• Available data:
....
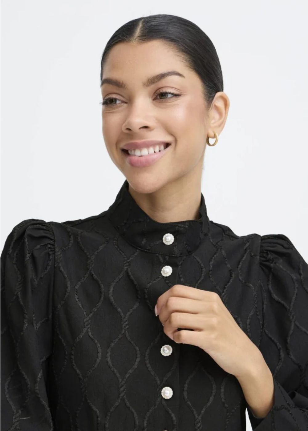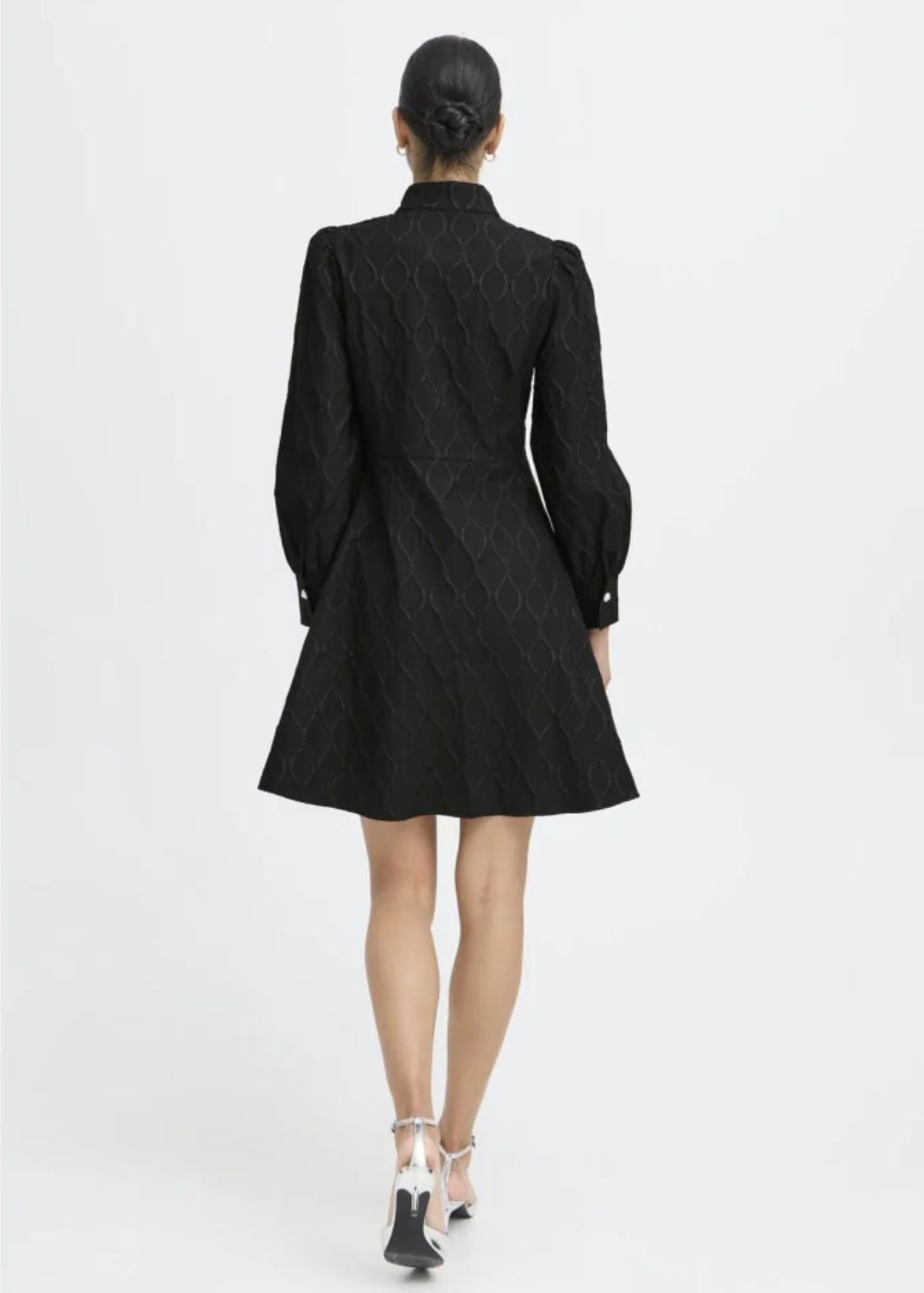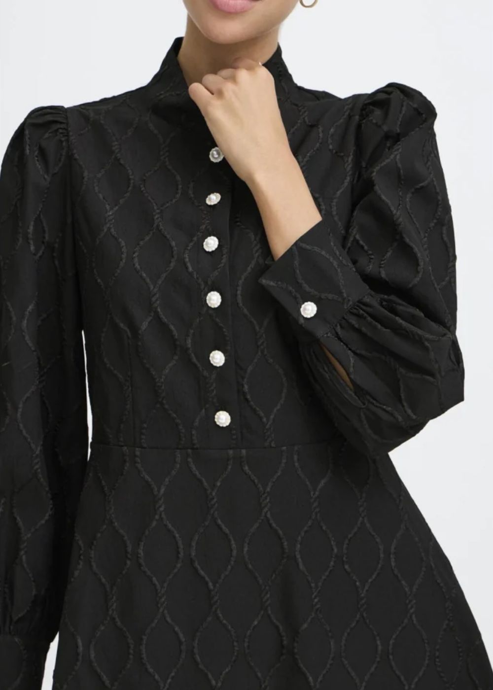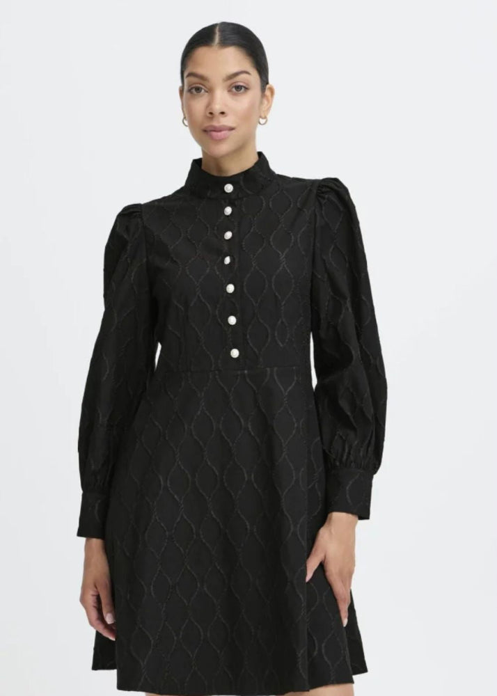 The BY DESMORA DRESS by B.Young exudes elegance with its delicate pattern and refined details. Featuring a subtle collar, continuous button front, and graceful puff sleeves, it offers a timeless silhouette perfect for any occasion. Easily paired with tights and boots or stilettos, this dress blends sophistication with versatile wearability.
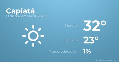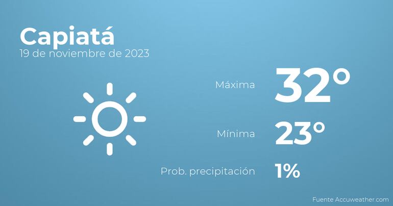 Para las primeras horas del día en Capiatá habrá cielos despejados. A medida que avance el día se esperan nubes y claros. En relación a las temperaturas, estas se moverán entre una máxima de 32 y una mínima de 23 grados. Además, se esperan vientos del sureste sin apenas intensidad con rachas de hasta 33 kilómetros por hora.
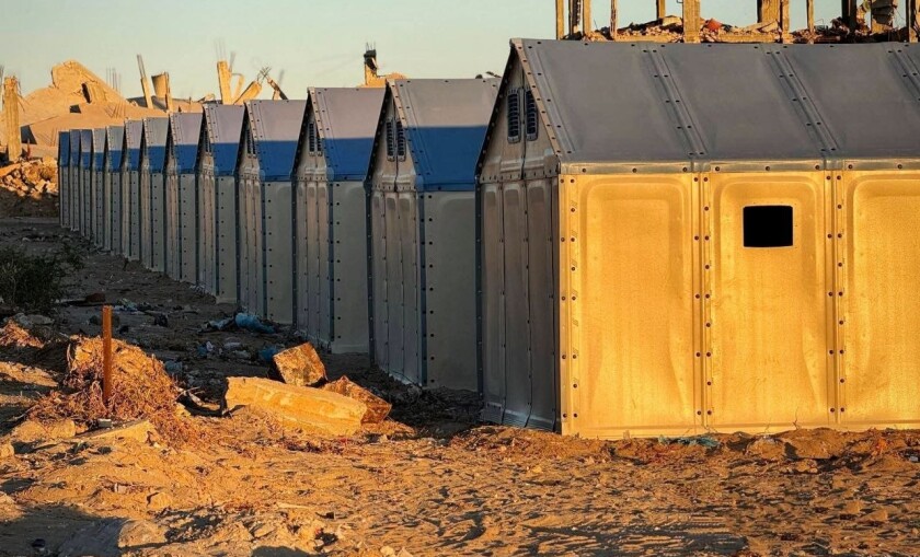 بدأت المرحلة الثانية من إنشاء مخيمات من مساكن الفيبر جلاس في حي الكتيبة بخانيونس جنوب قطاع غزة لإعادة النازحين من مناطق المواصي للسكن في أحيائهم المُدمرة.
....
• Exercise prompt: The expected output is an exact copy of the lines from the top of the data above through the line containing "Para las primeras", both included, with every picture omitted.

• Exercise output:
 The BY DESMORA DRESS by B.Young exudes elegance with its delicate pattern and refined details. Featuring a subtle collar, continuous button front, and graceful puff sleeves, it offers a timeless silhouette perfect for any occasion. Easily paired with tights and boots or stilettos, this dress blends sophistication with versatile wearability.
 Para las primeras horas del día en Capiatá habrá cielos despejados. A medida que avance el día se esperan nubes y claros. En relación a las temperaturas, estas se moverán entre una máxima de 32 y una mínima de 23 grados. Además, se esperan vientos del sureste sin apenas intensidad con rachas de hasta 33 kilómetros por hora.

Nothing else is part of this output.